The Atakora region is one of the unmissable wonders of Benin and Togo. To reach it from Natitingou, you have to drive along a road set amidst spectacular scenery of fertile plains, dotted with fields of maize, cotton and baobabs, protected by mountain profiles that stretch as far as the eye can see to the border with Togo.
It is here that the Somba-Betammaribé (in Benin) and Tamberma (in Togo) peoples, fleeing slavery, tribal wars and Islamisation, found refuge, preserving their ancestral traditions intact over the centuries. It was in this spectacular place that they found fertile land and rocky heights in which to hide. It was here that they built their small defensive fortresses with what nature offered them, thatch, wood and mud.

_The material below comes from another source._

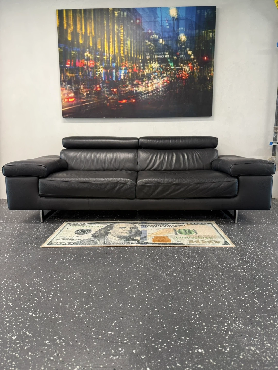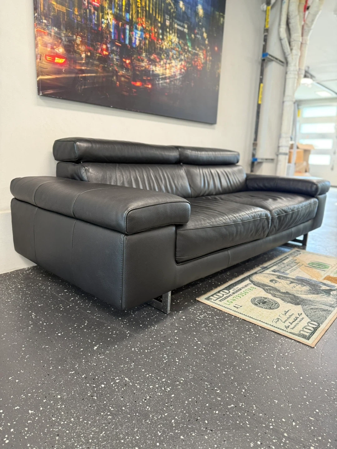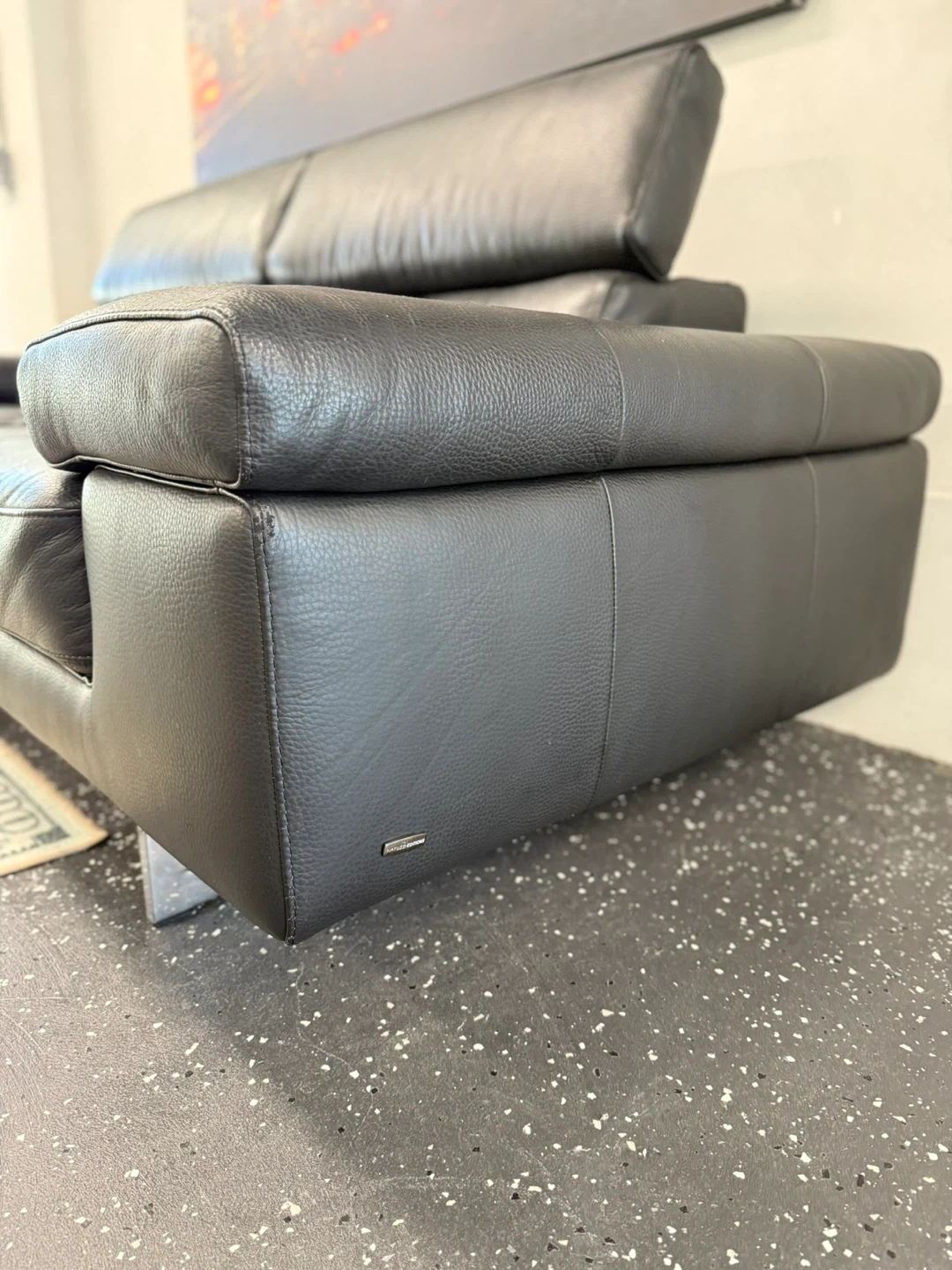 Selling a stylish Natuzzi Editions black leather sofa. This sofa is perfect for any living room and offers both comfort and a modern look. Its sleek design and quality leather make it a great addition to your home!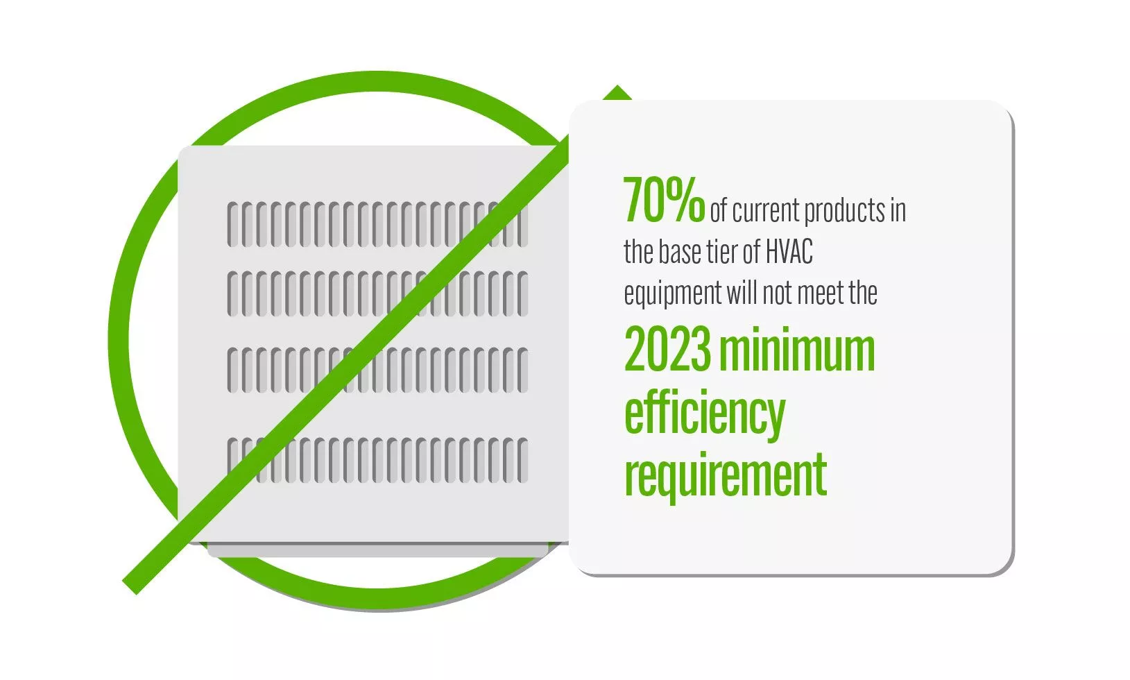 Figure 2: As of 2023, the Department of Energy has enacted a new nationwide efficiency mandate for HVAC equipment — referred to as SEER2. It is estimated that 70% of current products in the base tier of HVAC equipment will not meet the 2023 minimum efficiency requirement. Courtesy: Jordan & Skala Engineers

Their typical houses called tatatchenta (or more simply tata), scattered across the plain and between the hills, despite their simplicity, are a true synthesis of defensive, functional and religious engineering. Entirely modelled in clay by laying one on top of the other, both families and their herds find shelter inside. The roof consists of a terrace on wooden cavities and small towers with straw caps (rooms and granaries). Numerous ‘surveillance’ systems were designed to repel possible enemy attacks. But surely the greatest protection of the hearth of peoples who remained profoundly animist was entrusted to the innumerable protective fetishes, also moulded in clay in front of the door, and on which propitiatory sacrifices are periodically made, even today.
The most representative examples of these small traditional dwellings with their fairy-tale appearance are to be found at Koussoukoingou on the Beninese side and at Koutammakou on the Togolese side (UNESCO heritage site). Crossing the border, one realises that the geopolitical borders imposed by the great European powers did not succeed in dividing these peoples, who share the same customs, languages and traditions.

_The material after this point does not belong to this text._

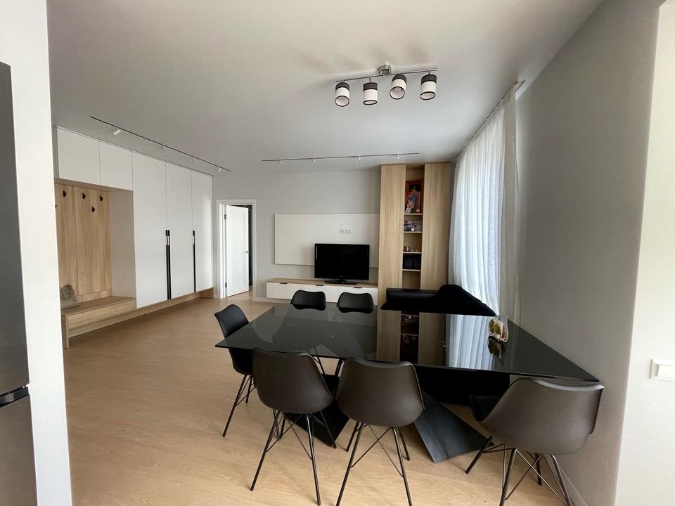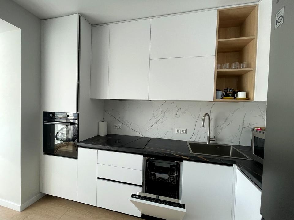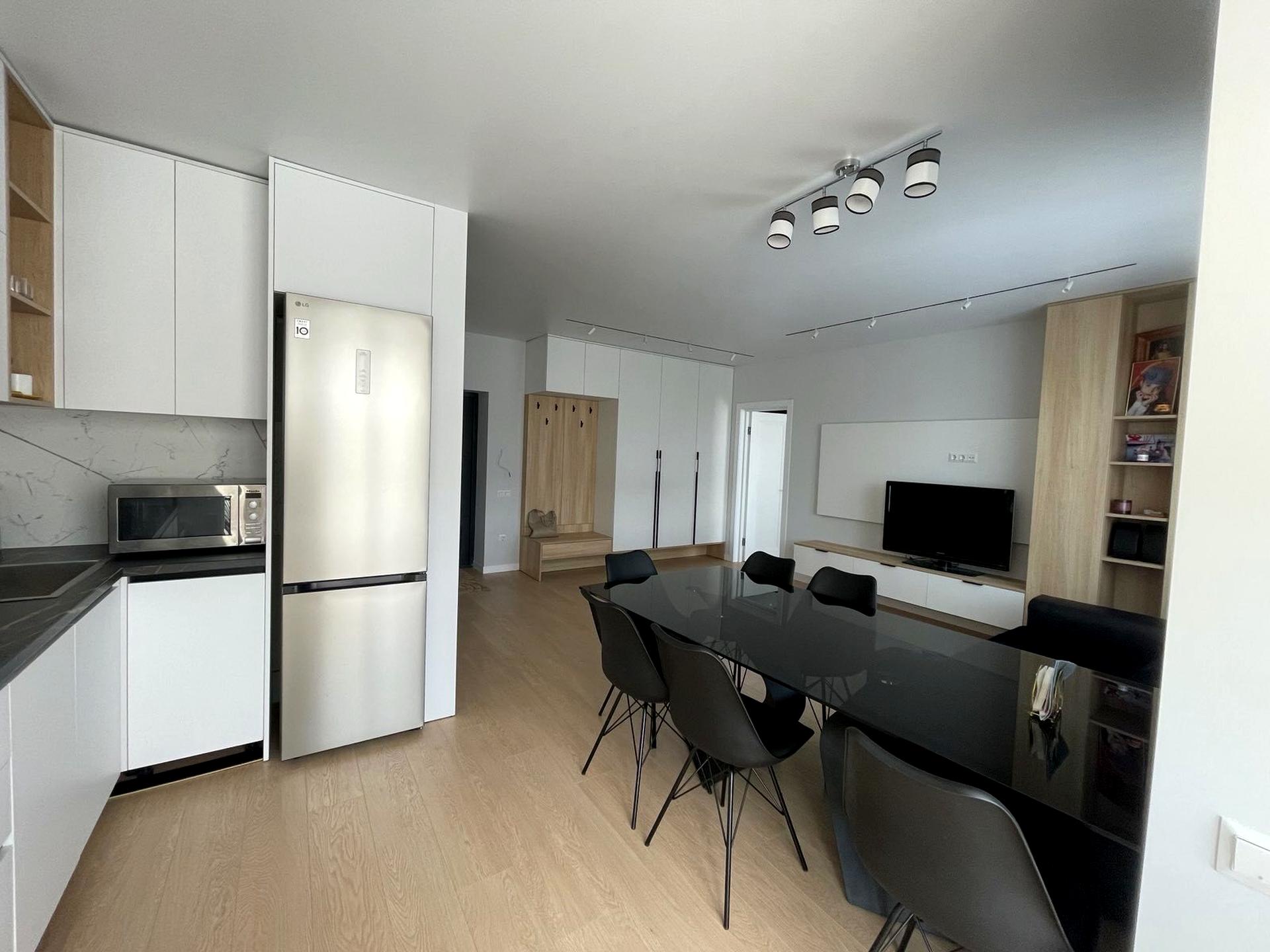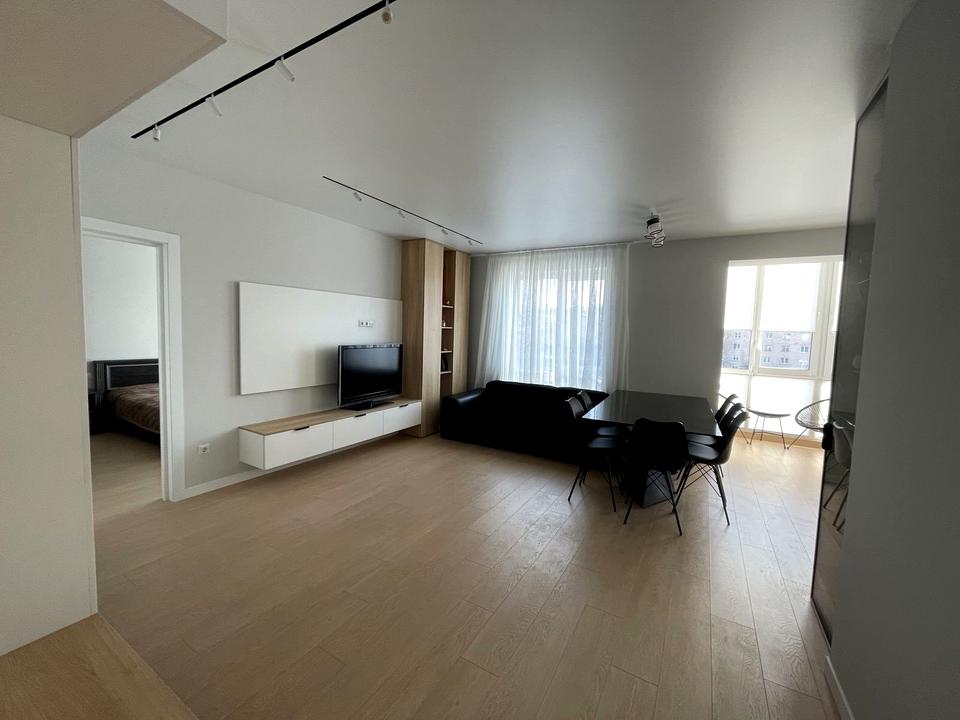 Здається в оренду нова квартира у будинку клубного типу, зручне планування, простора кухня-студія та окрема спальня, індивідуальне опалення, євроремонт, нові меблі та побутова техніка.

Today, the border is crossed in a constant coming and going from one country to another, as if it did not exist, and the Betammaribé and the Tamberma continue to meet and do business at the small Nadoba market, one of the most representative in the region, where traditional goods have not yet been replaced by cheap chinoiserie. Here, every Wednesday, the feticheurs/soothsayers welcome under their canopies of branches all those who wish to have their fortunes read, or for advice on important personal decisions. The answer will be given to them by a complex theory of symbols that the feticheur’s stick traces in the sand, under dictation from the spirits.